Rod Dreher writes:
I saw recently a statistic saying that China today exports as much every six hours as it did in all of 1978, when Deng Xiaoping's revolutionary opening of China to the world started. Thirty years ago, would anyone have foreseen China as prosperous as it is today? And would anyone have predicted that so many Chinese would be turning to Christianity? NPR is reporting all week on China's Christianity boom. Why are so many Chinese accepting Christ? Excerpt:
In the past, she has left the village to work in Shanghai. She says her belief in Christ was a lifeline in the alien metropolis and her church acted as her family.
"Whether they know you or not, they treat you as a brother or sister," she says. "If you have troubles, they help out with money or material assistance or spiritual aid."
As China urbanizes and millions of rural migrants experience the social and economic dislocation of traveling to new cities, Christianity can provide them with an instant community.
Many believers sitting on the hard wooden benches of the village church are older. They tell stories of the rewards of faith and how prayer cured illnesses and ended beatings from husbands.
No one knows for sure how many Christians there are in China, which is still officially an atheist state. But most believe the real numbers far exceed the official estimate. Look at this:
Some recent surveys have calculated there could be as many as 100 million Chinese Protestants. That would mean that China has more Christians than Communist Party members, which now number 75 million.
Can you imagine? This might not technically qualify as a miracle, but it's miraculous all the same. And Chinese evangelists are growing in strength and boldness:
[Government leaders'] powers to govern religion do, however, seem to be waning. That seems clear in a rural village in eastern China, where young people are openly trying to gain converts in defiance of the laws prohibiting proselytizing in public places. ... China's youth once trundled across the countryside spreading communism. Now, they're spreading God's word.
Amazing. The Spirit blows where He wills. By the way, Dr. Fenggang Yang at Purdue leads a scholarly effort to track and to understand what's happening in China's religious life (not only Christianity in China), via his Center on Religion and Chinese Society.

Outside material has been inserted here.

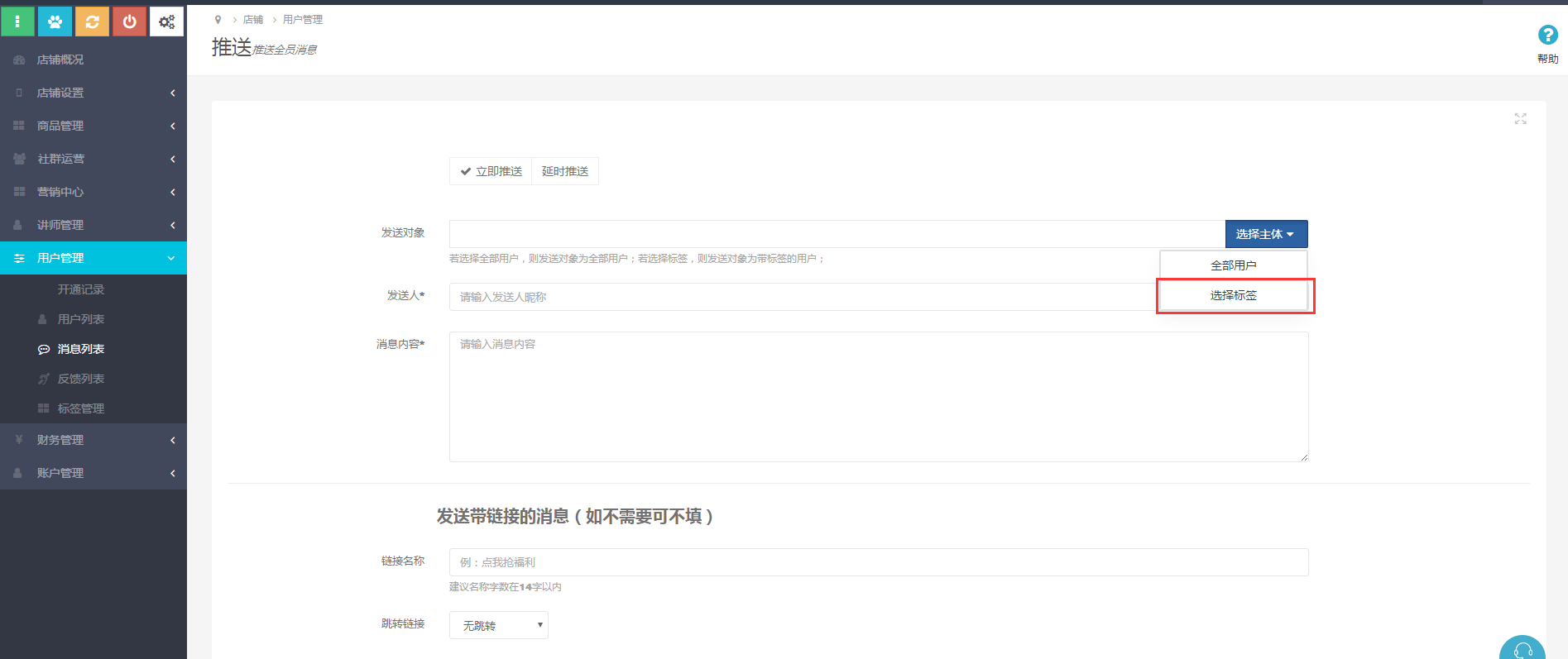 用戶標簽管理功能的使用,意味著店鋪的用戶畫像正在逐漸形成。運營者配合用戶標簽,對同類型的標簽用戶進行更靈活、更有針對性的營銷活動。

By the way.2, one of my favorite books is "Christ the Eternal Tao," a study by an Eastern Orthodox priest-monk of Taoist themes and concepts in the life and teachings of Jesus.
I must try and get hold of it.
China still makes things, builds things and mines things, putting the jobs, heat and light of her people first.
She is emerging from the gangster capitalism that always follows Communism by returning to her own culture, which is firmly centred on the family and the local community, which reveres tradition and ritual, which upholds government by moral rather than physical force, which affirms the Golden Rule, which is Agrarian and Distributist, which has barely started an external war in five thousand years, and which is especially open to completion by, in, through and as classical Christianity.
And she is like the Classical writers and the Church Fathers in that she takes Africa seriously, even going there to secure the food supply necessary for her to give up the extremely anti-Confucian one child policy.